I am working on the following exercise: Use the $\epsilon-\delta$-criterion to show that the following function is discontinuous in $0\\$
$sgn(x) = \begin{cases} -1&,\text{ for }x<0\\ 0&,\text{ for }x=0 \\ 1&,\text{ for }x>0 \end{cases} $
Intuitively this makes sense but I am struggling with arguing for this. More specifically, do I have to argue for each of the cases? Also, how would you advise choosing delta in the beginning? What I have so far is:
$\epsilon-\delta$ criterion: Let $f : D \rightarrow \mathbb{R}$ and $x_{0} \in D.$ Then, $f$ is continuous at $x_{0}$ if and only if $\forall \epsilon > 0 \quad \exists \delta > 0 \quad \forall x \in D : |x - x_{0} | < \delta \implies |f(x) - f(x_{0}| < \epsilon$
Let $\epsilon > 0$ Set $\delta = 1 \\$
Case 1: $|x - 0| < 1 \implies |-1 - 0 | < \epsilon \\|x| < 1 \implies 1 < \epsilon$
Not true if we set $\epsilon = 2\delta = 2$
Case 2: $|x - 0| < 1 \implies |1 - 0 | < \epsilon \\|x| < 1 \implies 1 < \epsilon$
Not true with the same argument
Edit: Sorry, the original post had two typos. (In the definitions)
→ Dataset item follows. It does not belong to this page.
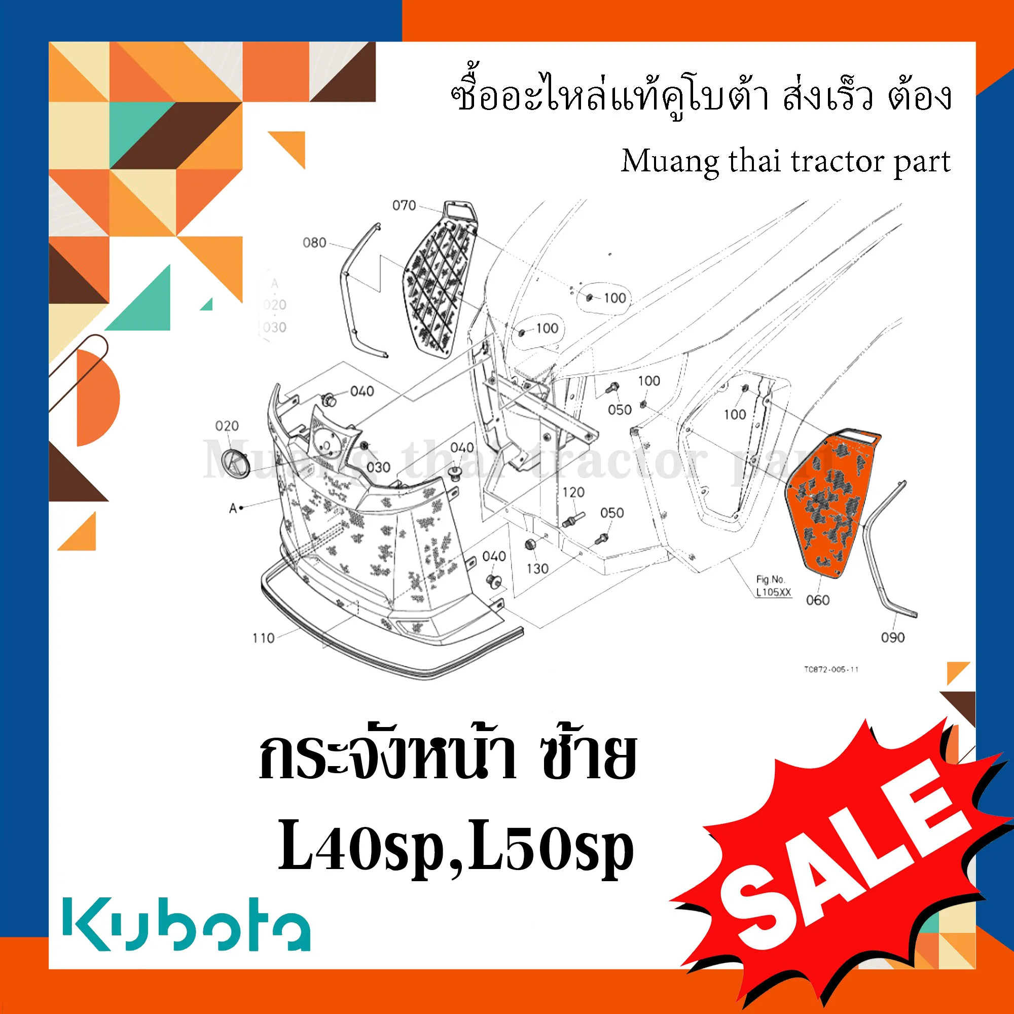✅ กระจังหน้าซ้าย สำหรับรถแทรกเตอร์ KUBOTA รุ่น L4018SP และ L5018SP

Take $\varepsilon=1$. Then, for any $\delta>0$, you have$$\left|\frac\delta2-0\right|<\delta\quad\text{and}\quad\left|\operatorname{sgn}\left(\frac\delta2\right)-\operatorname{sgn}(0)\right|=1\geqslant\varepsilon.$$So, this proves that$$(\exists\varepsilon>0)(\forall\delta>0)(\exists x\in\Bbb R):|x-0|<\delta\text{ and }\bigl|\operatorname{sgn}(x)-\operatorname{sgn}(0)\bigr|\geqslant\varepsilon,$$which is the same thing as asserting that $\operatorname{sgn}$ is discontinuous at $0$.